**TASK OBJECTIVE:** Return, exactly and in full, the lines of the records below starting at the one with "Jednobarevná příze Flowers" and ending at the one with "wandbord (memorietafel) van", and no other lines.

**Stored entries:**
- - -

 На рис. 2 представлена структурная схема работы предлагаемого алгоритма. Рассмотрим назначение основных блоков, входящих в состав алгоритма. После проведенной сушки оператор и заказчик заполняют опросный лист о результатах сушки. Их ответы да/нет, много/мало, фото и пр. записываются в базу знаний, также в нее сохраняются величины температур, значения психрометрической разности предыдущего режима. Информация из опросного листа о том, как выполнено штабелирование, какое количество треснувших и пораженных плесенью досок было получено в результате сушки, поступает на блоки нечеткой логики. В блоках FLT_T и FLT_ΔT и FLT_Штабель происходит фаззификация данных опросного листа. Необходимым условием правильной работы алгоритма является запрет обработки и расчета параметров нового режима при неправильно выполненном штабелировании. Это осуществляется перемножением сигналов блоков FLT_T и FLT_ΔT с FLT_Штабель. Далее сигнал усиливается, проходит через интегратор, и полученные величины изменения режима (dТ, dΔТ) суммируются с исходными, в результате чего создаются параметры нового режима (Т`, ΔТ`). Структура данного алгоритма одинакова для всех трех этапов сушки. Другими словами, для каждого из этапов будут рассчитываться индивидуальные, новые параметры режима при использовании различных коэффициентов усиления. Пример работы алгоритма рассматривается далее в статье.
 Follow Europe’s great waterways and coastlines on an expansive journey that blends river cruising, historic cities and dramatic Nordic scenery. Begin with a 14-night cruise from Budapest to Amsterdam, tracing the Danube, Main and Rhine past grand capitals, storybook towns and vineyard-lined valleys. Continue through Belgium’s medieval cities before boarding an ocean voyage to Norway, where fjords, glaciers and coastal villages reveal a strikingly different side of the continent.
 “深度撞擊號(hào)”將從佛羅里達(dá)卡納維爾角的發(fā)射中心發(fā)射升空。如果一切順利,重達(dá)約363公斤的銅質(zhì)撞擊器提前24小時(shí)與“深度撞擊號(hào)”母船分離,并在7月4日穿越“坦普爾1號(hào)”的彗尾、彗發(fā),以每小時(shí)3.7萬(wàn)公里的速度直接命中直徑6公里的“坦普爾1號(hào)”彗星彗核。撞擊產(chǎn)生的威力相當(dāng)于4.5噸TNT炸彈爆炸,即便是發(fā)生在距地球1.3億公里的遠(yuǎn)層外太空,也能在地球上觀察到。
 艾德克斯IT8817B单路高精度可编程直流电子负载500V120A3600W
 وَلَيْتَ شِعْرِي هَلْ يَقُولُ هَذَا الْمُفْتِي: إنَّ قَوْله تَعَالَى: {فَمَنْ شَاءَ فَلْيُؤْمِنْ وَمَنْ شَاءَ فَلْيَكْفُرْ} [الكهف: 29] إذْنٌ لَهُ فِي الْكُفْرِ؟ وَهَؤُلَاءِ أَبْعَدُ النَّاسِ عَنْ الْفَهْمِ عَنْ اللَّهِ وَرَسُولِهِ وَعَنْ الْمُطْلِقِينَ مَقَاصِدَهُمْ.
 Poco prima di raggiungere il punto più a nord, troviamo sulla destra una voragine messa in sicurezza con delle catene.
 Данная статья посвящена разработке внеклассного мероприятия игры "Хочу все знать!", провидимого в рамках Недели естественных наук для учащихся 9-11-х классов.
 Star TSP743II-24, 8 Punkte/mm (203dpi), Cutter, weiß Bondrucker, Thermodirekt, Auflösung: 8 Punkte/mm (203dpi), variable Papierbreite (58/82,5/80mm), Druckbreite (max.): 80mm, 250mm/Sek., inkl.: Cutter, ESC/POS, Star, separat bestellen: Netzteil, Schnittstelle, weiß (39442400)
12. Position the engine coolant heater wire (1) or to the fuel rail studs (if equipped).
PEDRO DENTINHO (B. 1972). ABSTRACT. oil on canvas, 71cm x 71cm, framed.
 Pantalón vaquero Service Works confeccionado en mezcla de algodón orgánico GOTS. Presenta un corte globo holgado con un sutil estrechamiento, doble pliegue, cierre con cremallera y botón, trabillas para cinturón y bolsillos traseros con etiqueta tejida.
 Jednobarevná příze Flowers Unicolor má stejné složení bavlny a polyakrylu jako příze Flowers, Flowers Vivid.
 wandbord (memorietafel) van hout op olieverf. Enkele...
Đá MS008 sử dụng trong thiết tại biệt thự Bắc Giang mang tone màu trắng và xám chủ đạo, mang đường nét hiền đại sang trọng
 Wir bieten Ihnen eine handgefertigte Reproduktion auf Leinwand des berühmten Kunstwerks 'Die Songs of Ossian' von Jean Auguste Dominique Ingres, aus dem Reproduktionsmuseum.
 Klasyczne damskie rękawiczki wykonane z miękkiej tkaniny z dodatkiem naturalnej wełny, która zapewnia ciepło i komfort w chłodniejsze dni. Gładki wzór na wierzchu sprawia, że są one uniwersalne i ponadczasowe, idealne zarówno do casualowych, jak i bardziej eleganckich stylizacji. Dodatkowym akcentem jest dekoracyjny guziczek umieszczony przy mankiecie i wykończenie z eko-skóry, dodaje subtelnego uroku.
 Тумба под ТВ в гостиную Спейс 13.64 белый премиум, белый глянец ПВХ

- - -

**RESPONSE TO THIS TASK:**
 Jednobarevná příze Flowers Unicolor má stejné složení bavlny a polyakrylu jako příze Flowers, Flowers Vivid.
 wandbord (memorietafel) van hout op olieverf. Enkele...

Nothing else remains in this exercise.